5. Il ressort des pièces du dossier, et notamment de plusieurs attestations de proches, que la jeune A... D..., née le 2 septembre 2005, a été élevée depuis sa naissance par sa mère. Depuis le décès de cette dernière en 2020, elle est accueillie au domicile de sa grand-mère paternelle, où réside également son père. Il ressort également des pièces du dossier que sa grand-mère maternelle, Mme C..., ressortissante française qui souhaite accueillir en France la jeune A... et qui lui a rendu visite du 12 mai au 8 juillet 2022, dispose pour seul revenu d’une pension de retraite d’un montant mensuel de 862,88 euros, et s’acquitte chaque mois, d’un loyer de 230 euros, après soustraction de l’aide personnalisée au logement. S’il est exact qu’elle a tout de même pu adresser de manière régulière des mandats de transferts d’argent au père et à la grand-mère paternelle de la jeune A... D... en vue de son éducation, ces circonstances ne permettent pas de considérer, alors qu’au surplus A... D... est scolarisée au Maroc, où elle a toujours vécu, que la commission de recours contre les décisions de refus de visa d’entrée en France aurait inexactement apprécié les circonstances de l’espèce, ni méconnu les stipulations du paragraphe 1 de l’article 3 de la convention internationale des droits de l'enfant. La circonstance qu’elle souhaite désormais poursuivre ses études en France est sans incidence sur cette appréciation.
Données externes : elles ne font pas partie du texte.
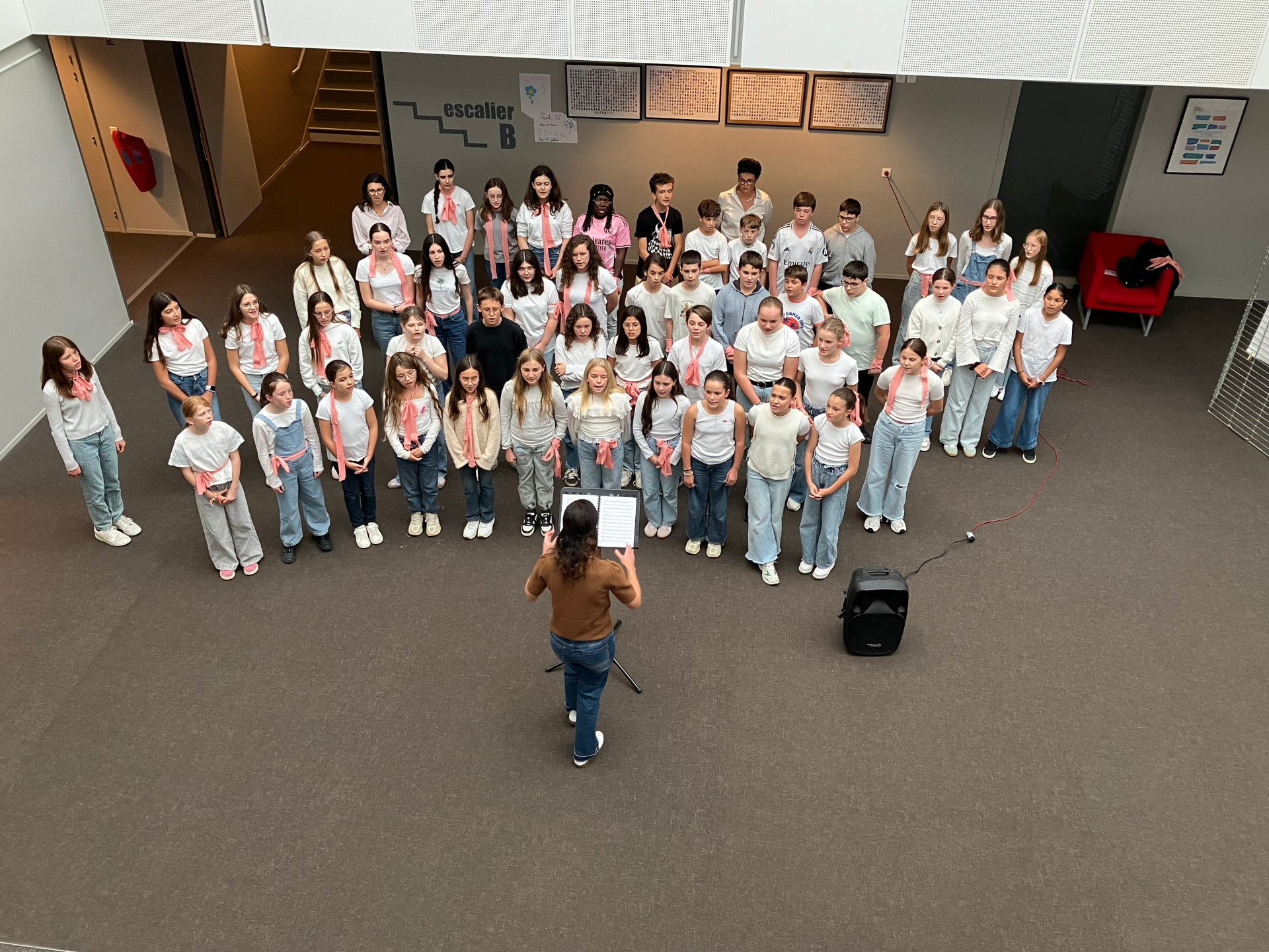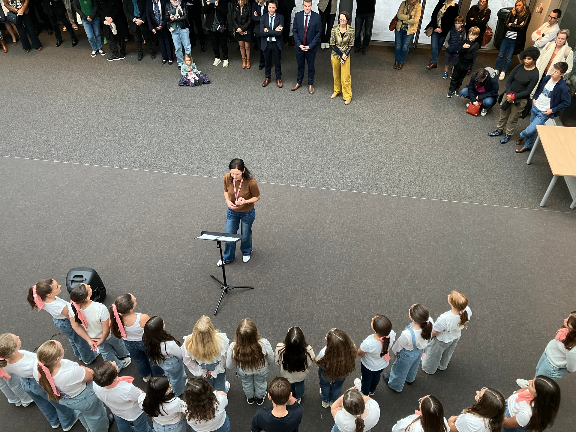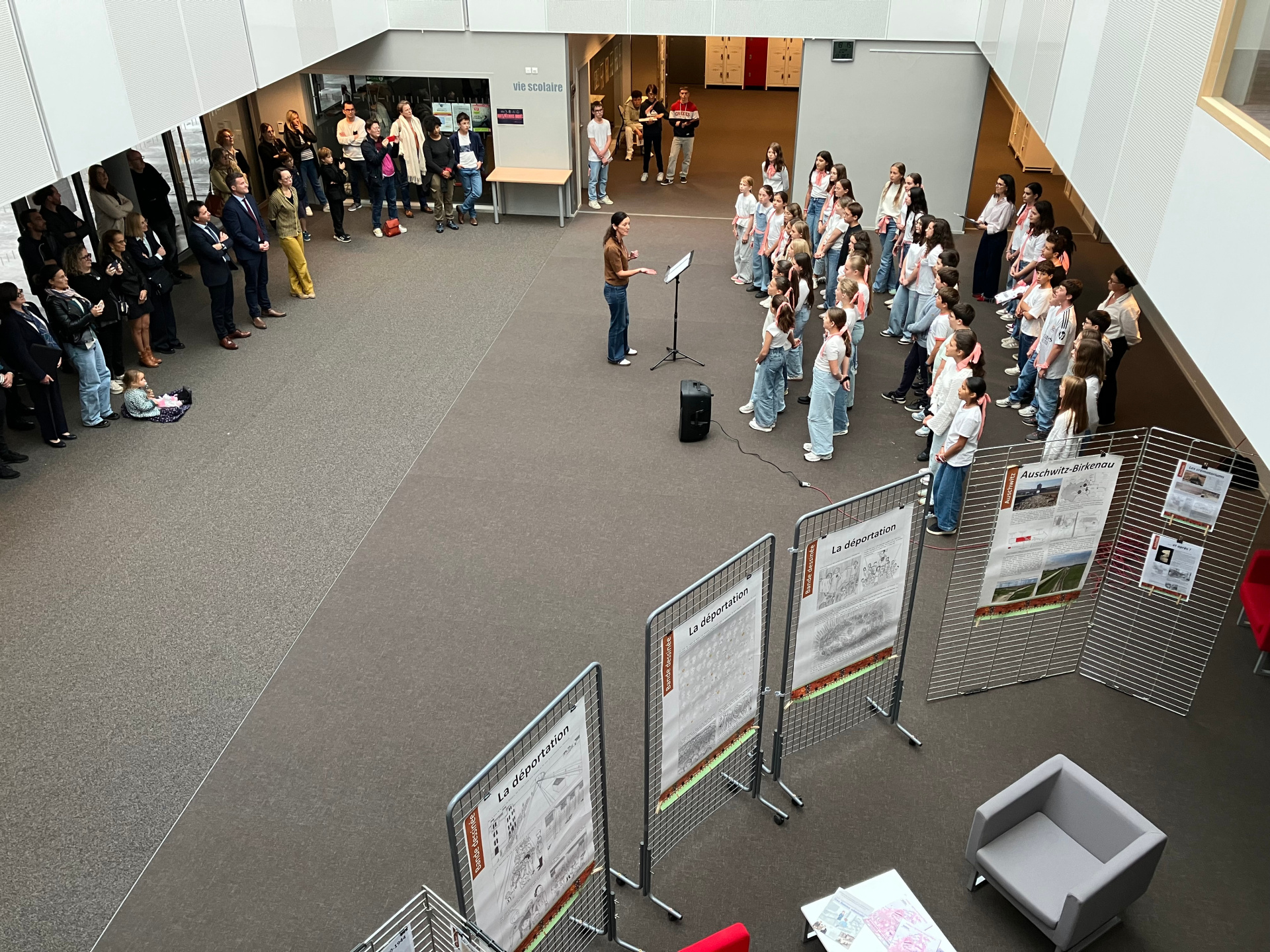 En prélude à cet évènement, les invités ont pu assister à une courte représentation de la chorale du collège, ainsi qu’à la présentation du projet « Destination Atlantique » par quelques élèves de 4A.

6. En second lieu, pour le surplus, les requérantes se bornent à reprendre devant le juge d’appel les mêmes moyens que ceux invoqués en première instance sans plus de précisions ou de justifications et sans les assortir d’éléments nouveaux. Il y a lieu d’écarter ces moyens par adoption des motifs retenus par le premier juge aux points 5, 8 et 9 du jugement attaqué et tiré d’une part, ce que le moyen tiré de la prétendue méconnaissance des dispositions de l’article L. 423-23 du code de l'entrée et du séjour des étrangers et du droit d'asile est inopérant eu égard à la nature de la décision en litige et, d’autre part, de ce que la décision contestée ne méconnait pas les article 8 et 3 de la convention européenne de sauvegarde des droits de l’homme et des libertés fondamentales.


7. Il résulte de tout ce qui précède que les requérantes ne sont pas fondées à soutenir que c’est à tort que, par le jugement attaqué, le tribunal a rejeté la demande tendant à l’annulation de la décision implicite, née le 8 mai 2023, de la commission de recours contre les décisions de refus de visa d'entrée en France refusant de délivrer à A... D... un visa de long séjour. La requête sera rejetée en toutes ses conclusions.



D E C I D E :

Article 1er : La requête de Mmes A... D... et B... C... est rejetée.

Article 2 : Le présent arrêt sera notifié à Mmes A... D... et B... C... et au ministre de l'intérieur.


Délibéré après l'audience du 23 janvier 2026, à laquelle siégeaient :

- M. Gaspon, président de chambre,
- M. Coiffet, président-assesseur,
- M. Pons, premier conseiller.



Rendu public par mise à disposition au greffe, le 10 février 2026.


Le rapporteur,

O. COIFFET
Le président,

O. GASPON

La greffière,

I. SIROT


La République mande et ordonne au ministre de l’intérieur en ce qui le concerne, et à tous commissaires de justice à ce requis en ce qui concerne les voies de droit commun contre les parties privées, de pourvoir à l'exécution de la présente décision.